This is a post slightly tangential to CAT preparation, so skip this if you are looking for serious CAT preparation posts. Quite a few students get thrown off by some different/ambiguous questions presented in different forums. These can be categorized in three categories.
Let me give you an example. A bell tolls once every 20 seconds, another tolls once every 30 seconds. If both of them ring at the same time, how many time will they ring together in the first hour?
Now, they will ring together once every minute. But the cheap-tricks-of-examiners book says that the answer for this question can be 61 instead of 60. You can answer this question only if you know the examiner. Sometimes you cannot answer it even if you know the examiner. These are the Examiner-Only-Knows questions
The next category is GOK:
Let me give you a sample. The difference between the lengths of the diagonals of a parallelogram inscribed in a circle is 2 cms, find the area of the parallelogram.
Now, a parallelogram inscribed in a circle has to be a rectangle. And the diagonals of a rectangle are equal. So, it is clear that even the examiner does not know the answer to this one. God Only Knows – GOK
The third category is interesting. And this is probably the most useful as well. This is the Now-you-now category
There was/is a legendary professor of organic Chemistry named Govindarajan in Chennai who used to train students for the JEE in the 80’s, 90’s and 00’s. He was an elderly gentleman even in the late 90’s, and wonderful as he was in teaching, he was also laidback about exams, scores, records, performance-trackers and the like. After one of his famous exams – bunch of students had some issues with the paper because it had some questions being beyond what he had taught in class. (Imagine 17-year olds anxious to tell themselves they messed up only because they hadn’t been thought that bit). He looked at said questions “I did not teach you this?! You did not know about this?” with an incredulous look on his face. This slowly gave way to a wry smile and he said “Well, well, well. Now You Know.”

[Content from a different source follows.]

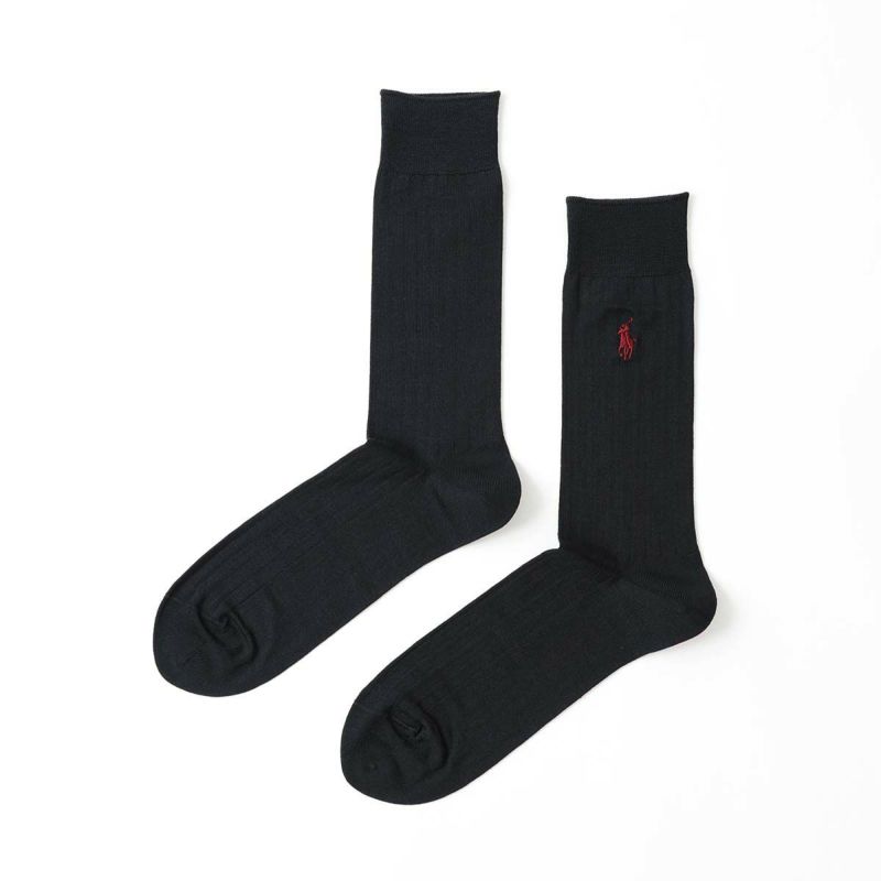 5. POLO RALPH LAUREN 抗菌防臭 10×1リブ ビジネスソックス ワンポイント クルー丈 メンズ 02042370

There will always be Now-you-know questions in exams. Stuff that you did not know before, but is probably an important tidbit.
Try this one – A six-digit number N of the form ‘abcabc’ where a, b, and c are digits from 0 to 9 has exactly 16 factors, how many values can N take?
If you know that a number ‘abcabc’ is ‘abc’ * 1001 and that 1001 = 7 * 11 * 13, this question becomes easy. If you do not know this and you see this in a mock CAT paper, it is probably a good time to say “Now I know” (after you review the paper):)
This is why it is important to aggressively review your mock CATs and not just fixate on the percentiles.